Abstract  This article interrogates the risk of historical artefacts in travel, emphasising especially on the construction of the risk of boundary‐crossing when museum exhibits travel abroad through “outbound” international travelling exhibitions. This follows the history of a controversial exhibition, the “Splendour of Imperial China”– held in 1996 that travelled from the National Palace Museum in Taipei which is renowned for its abundant and unique Chinese art collection to one of the most prominent museums on the global stage – the Metropolitan Museum of Art in New York. Drawing upon Mary Douglas's analysis of danger/risk and classification, this paper argues that the risk within the “outbound” international travelling exhibition is less ontological than constructed.
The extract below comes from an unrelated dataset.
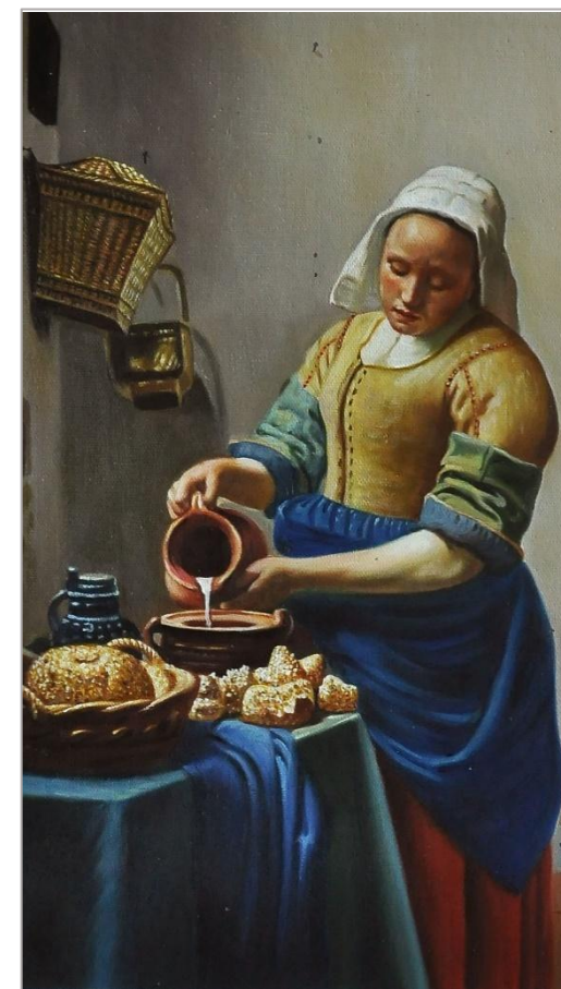
The Milkmaid, c.1660, Johannes Vermeer, Rijksmuseum, Amsterdam

Often the controversy over the risk re‐delineates the boundary between “us” and “them”. This article, first of all, examines the power‐laden relationship, regulated by the struggle of the global museum field, when museum experts at home and abroad co‐write the risk of an exhibition's travel in the language of insurance calculation. Second, it analyses the laymen's protesting discourses against the historical artefacts' overseas travel through outbound international travelling exhibition. The protest which appropriated the “keeping‐while‐giving” logic of exchange, and backed up with both national sentiments and international symbolic sources, rendered the exhibition a hot potato. Finally, it interrogates how the settled outbound travelling exhibition actually renders the museum collection reclassified and revalorized according to their suitability for overseas travel.